Можно представить себе, как Станиславский читал присланное ему Судаковым. Вряд ли была приятна осведомленность пишущего в том, что составляло интимную, домашнюю, непубличную сторону МХТ. Вряд ли был приятен размеренный тон, в котором без пропусков излагались вещи, в общем-то, унизительные для читающего: ученики его один за другим избегают предлагаемого союза. Первая студия отказывается прямо, в убеждении: «оставаясь самостоятельной и идя своей особой дорогой, она лучше сможет послужить общему делу МХТ. Владимир Иванович принял это». И ответить по принципу — «была бы честь предложена!» — нет возможности. Не с одними же спектаклями, измотанными в двухлетних гастролях и измотавшими их участников, начинать сезон в Москве; надо хотя бы освежить «Ревизора» и возобновить «Горе от ума» (спектакли, в гастролях {258} не участвовавшие). По плану Немировича надо еще приготовить новую редакцию «Драмы жизни». То есть нужны актерские силы.
«Для осуществления указанной программы в Москве Владимир Иванович организовал “Компанию артистической помощи МХТ”, как написал он Вам в телеграмме, из лучших сил Второй и Третьей студий [эта телеграмма неизвестна. — И. С. ]. Собралась таковая компания в числе 10 человек по выбору Владимира Ивановича. Владимир Иванович призвал этих лиц к строительству МХТ». Тем же липким слогом — про то, как из «Компании артистической помощи МХТ» ничего не вышло: у всех сыскались занятия им более важные. Тут же — в противоположность эгоизму остальных — о собственной и своих со-студийцев самоотреченности («задача настолько грандиозна, что мы только в том случае смеем подойти к ее исполнению, если действительно отдадим все силы, всю любовь, все увлечение этой задаче…»). И под конец: «Владимир Иванович получил заявление от общего собрания Второй студии, что она сама ликвидирует себя и предоставляет в распоряжение Театра все свои живые силы».

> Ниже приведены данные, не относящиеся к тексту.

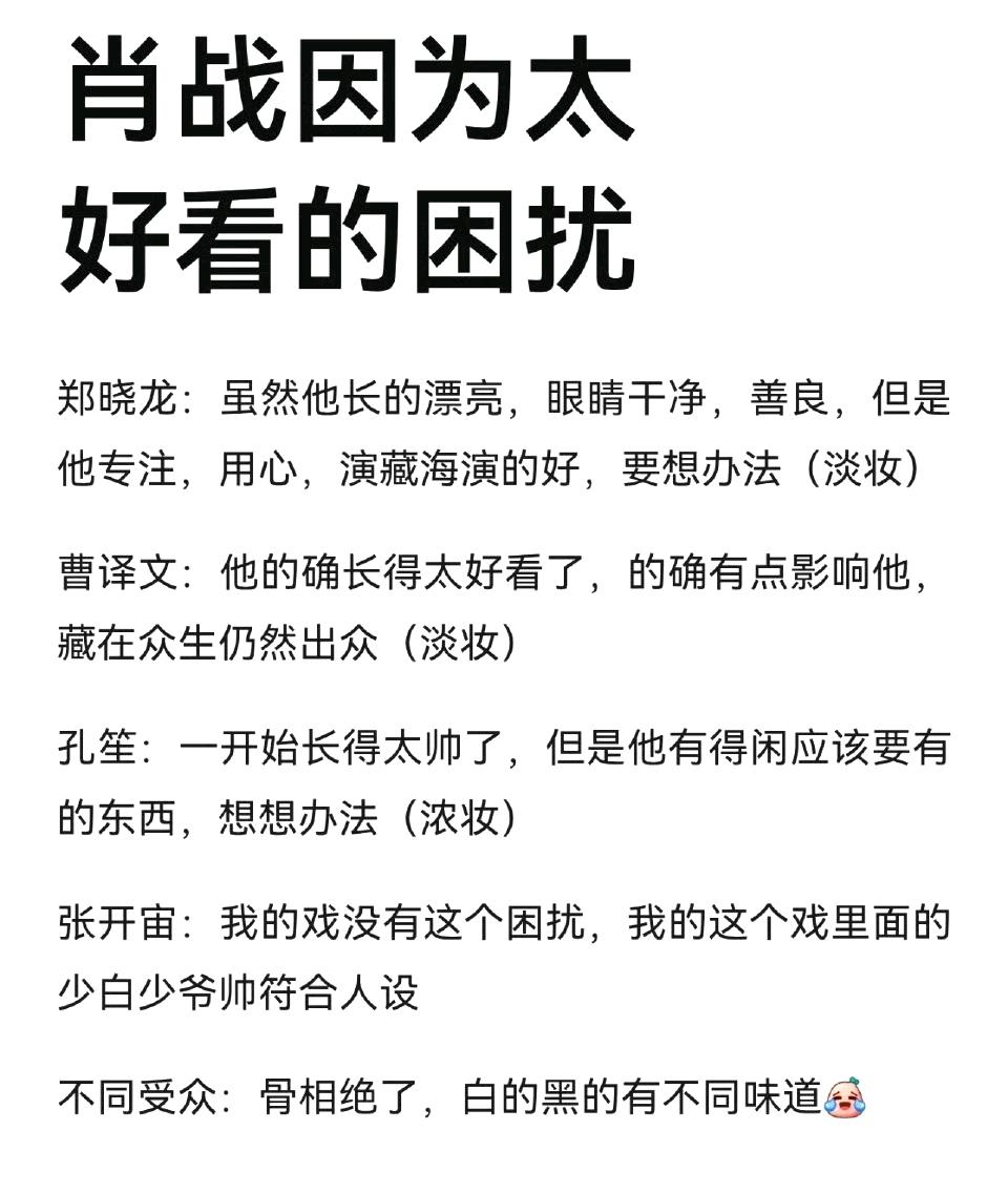 我发现了个有意思的事儿 提起肖战 每个导演都在公开场合声明不是看中肖战的脸才选他的。但是又不否认肖战的颜值确实很高。 他又好看演技又好,各位影视剧主创宁可想办法降低肖战颜值也要肖战来演自己的作品。 合理怀疑要不是因为长得太好太过光芒万丈,肖战早几年就已经是“老戏骨”了。 别人吃美貌的红利,肖战一直在吃美貌的黑利[捂脸]

Представив своих товарищей людьми безоглядно верными, Судаков описывал двойную игру Третьей студии: она и с МХАТом не спешит рвать, и тайно ориентируется на Мейерхольда. Информация о переговорах с Мейерхольдом была верной, и что эти переговоры скрывали от Немировича, тоже правда.
В тот же заграничный адрес Станиславского кроме доклада Судакова пришло обращение вахтанговских учеников и сопровождающие это обращение материалы (копия письма наркома Луначарского к Третьей студии, копия многостраничного ответного письма студийцев наркому). Обращение к К. С. 25 июня 1924 года подписали Б. Захава, А. Орочко, Л. Русланов, О. Глазунов, Р. Симонов, Б. Щукин, О. Басов. Подписавшие предлагали Третью студию как единственно возможную территорию {259} сотрудничества двух величайших художников театра; объявляли себя свидетелями их давней — с 1920 года — взаимной тяги к такому сотрудничеству и именно на вахтанговской почве; видели свою миссию в том, чтобы совершилась знаменательная встреча.
27 июня Мейерхольд черкнул Станиславскому записку: «Дорогой Константин Сергеевич, необходимо Ваше особенное внимание к Третьей студии. То, что творится сейчас в МХАТ, направлено к разрушению Третьей студии. Только Вы — учитель Е. Б. Вахтангова — можете спасти это дело. Если нужно, чтобы я помог Вам в этом деле, я готов помочь. Осенью, когда Вы возвратитесь сюда, необходимо нам встретиться. Надеюсь, мы совместно поможем молодым товарищам выйти из заколдованного круга неприятностей и выведем их туда, куда они стремятся выйти».
Откликов на полученные письма из Шамуни не последовало — ни в адрес Третьей студии, ни в адрес Мейерхольда, ни в адрес Судакова. Так же тему присутствия Мейерхольда в делах Третьей студии опускает летняя переписка Станиславского с Немировичем, хотя Немировича об этом присутствии продолжали осведомлять из Москвы и после его отъезда. Всем своим поведением К. С. подтверждает то, что писал однажды: «На год совершенно убираю свою личную инициативу…».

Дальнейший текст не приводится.